Output each record verbatim, with pictures left out.
===== Information shown =====
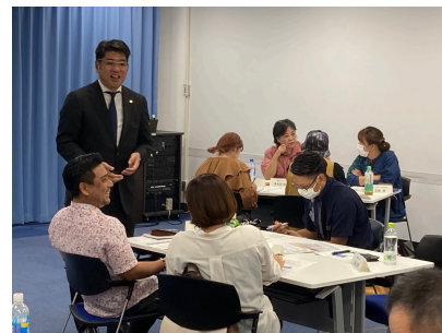
昨年度の 集合研修の様子
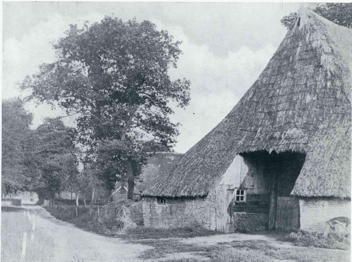
DE BAANDERDEUREN MET BAANDERHOEK VAN EEN BOERDERIJ TE GASSELTE

het dorschen werd het stroo weggenomen, de korrels bij elkaar geveegd en in een „wan” voorzichtig geschud om de overblijfsels van de aren er uit te halen. Later werd het in een wadmolen (waaier of weijer) beter schoongemaakt. ☼ Hiermede verdienden veel arbeiders des winters hun brood. ☼ Nu wordt het koren buiten het dorp in „mijten” of „zaadbulten” gezet om straks als alles binnen is door de stoomdorschmaschine afgedorscht te worden, terwijl het stroo in pakken wordt geperst. ☼ Als men na den oogsttijd zoo'n verzameling korenmijten ziet, zou men meenen in de binnenlanden van Zuid Afrika te zijn, zoo gelijken deze korenhooopen op kafferwonin-
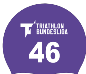
Beispiel einer Schwimmkappe
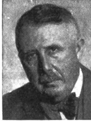
Eduard v. Steiger von Bern * 1881, seit 1941 im Amte Justiz-u. Polizeid.
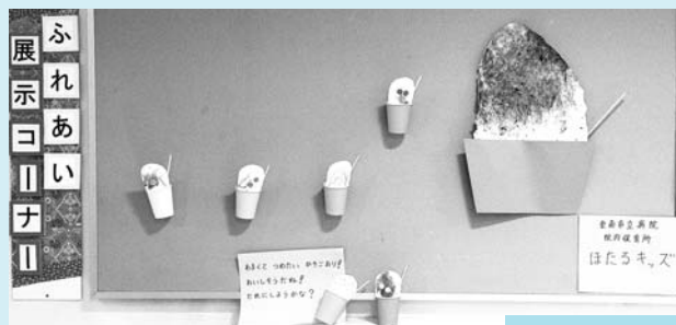
院内保育所「ほたるキッズ」
=====
Solution for this task:
昨年度の 集合研修の様子
DE BAANDERDEUREN MET BAANDERHOEK VAN EEN BOERDERIJ TE GASSELTE

het dorschen werd het stroo weggenomen, de korrels bij elkaar geveegd en in een „wan” voorzichtig geschud om de overblijfsels van de aren er uit te halen. Later werd het in een wadmolen (waaier of weijer) beter schoongemaakt. ☼ Hiermede verdienden veel arbeiders des winters hun brood. ☼ Nu wordt het koren buiten het dorp in „mijten” of „zaadbulten” gezet om straks als alles binnen is door de stoomdorschmaschine afgedorscht te worden, terwijl het stroo in pakken wordt geperst. ☼ Als men na den oogsttijd zoo'n verzameling korenmijten ziet, zou men meenen in de binnenlanden van Zuid Afrika te zijn, zoo gelijken deze korenhooopen op kafferwonin-
Beispiel einer Schwimmkappe
Eduard v. Steiger von Bern * 1881, seit 1941 im Amte Justiz-u. Polizeid.
院内保育所「ほたるキッズ」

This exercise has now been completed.